Она положила одну свою красивую ногу на другую, пригубила вина. Лицо ее при свете торшера было золотым, мягким и очень грустным.
— Я раньше, чем ты, забыла, что ни на что не имею права. И что тебе было думать о моей репутации? Ты же ничего не знал. И потом, можно подумать, что ты первый пришел ко мне и остался. Змий-искуситель. Я сама этого хотела. И это меня к тебе тянуло. Я и сделала, чего желала и что могла.
Честное слово, сердце у меня разрывалось от этих слов. Но что я мог?
— Ну хорошо, — глухо сказала она. — Хватит об этом… Ты где был сегодня?
Явно искала нейтральную тему.
— У Марьяна, — сказал я.
Зоя немного знала его: раза три-четыре встречались у меня.
— Он что, по-прежнему чудит с этими деревянными куклами?
— Не надо так, — сказал я. — Он делает большое дело.
— Да я разве против? Как его жена?
— Плохо с ней. Ну, это их дело. Хуже то, что он из-за нее страдает. И, наверное, поэтому сердце снова дурить начало. Страхи разные, как всегда у сердечников. Подозрения. А от кофе и табака никак не откажется…
— В больницу ему надо лечь. Жаль, если с хорошим человеком что-нибудь случится. Сволочь какая-нибудь живет, а вот Сережа Певень, бедняга, такой молодой, талантливый, только что должность такую хорошую получил, так легко с ним людям было бы жить — и на тебе, рак.

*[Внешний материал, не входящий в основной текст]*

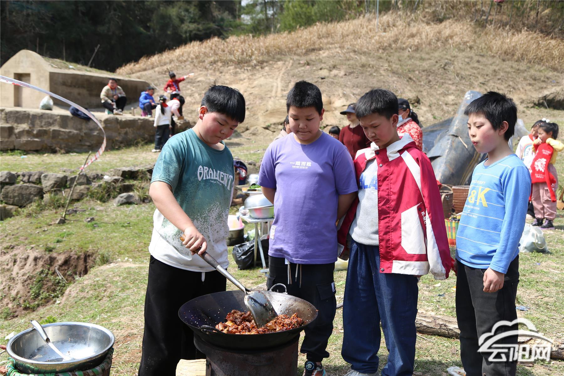 当天,不少学生身背背篓,手提食物,排着整齐的队伍,徒步前往活动场地。一路上,教师们化身“行走的百科全书”,引导学生细致观察自然景观。破土而出的新芽、潺潺流动的溪水,都成为知识的载体,自然知识与人文历史在轻松的氛围中融入学生们的心田。学生们不时发出阵阵惊叹,欢笑声、讨论声交织在一起。

— Это беда, — сказал я. — Великая беда! Но что поделаешь, если на долю нашего поколения столько выпало.
Она вдруг решительно поднялась.
— Ну, нечего засиживаться. — Поколебалась немного — и оставила «Немеш кадар». — Приторный.
— Ты ведь любишь полусладкие.
— Наши люблю. А может, мне просто в эти дни все приторно? Слушай, Антось, а что это мы в первый наш вечер пили, не помнишь?
— Помню. Ты была в голубом платье. И бусы янтарные на шее. И губы не накрашенные. А пили мы тогда «Хванчкару».
— Пожалуй, нигде ее теперь нет. А хорошо было бы… по последнему бокалу… Так, как тогда — по первому. Ведь это же последний, Антоша… Последний. И ничего тут не поделаешь. И вот стол твой с чистой бумагой, и этот подсвечник, и лампа. И всего этого я, наверное, уже не увижу, потому что не знаю, найду ли силы заглядывать к тебе.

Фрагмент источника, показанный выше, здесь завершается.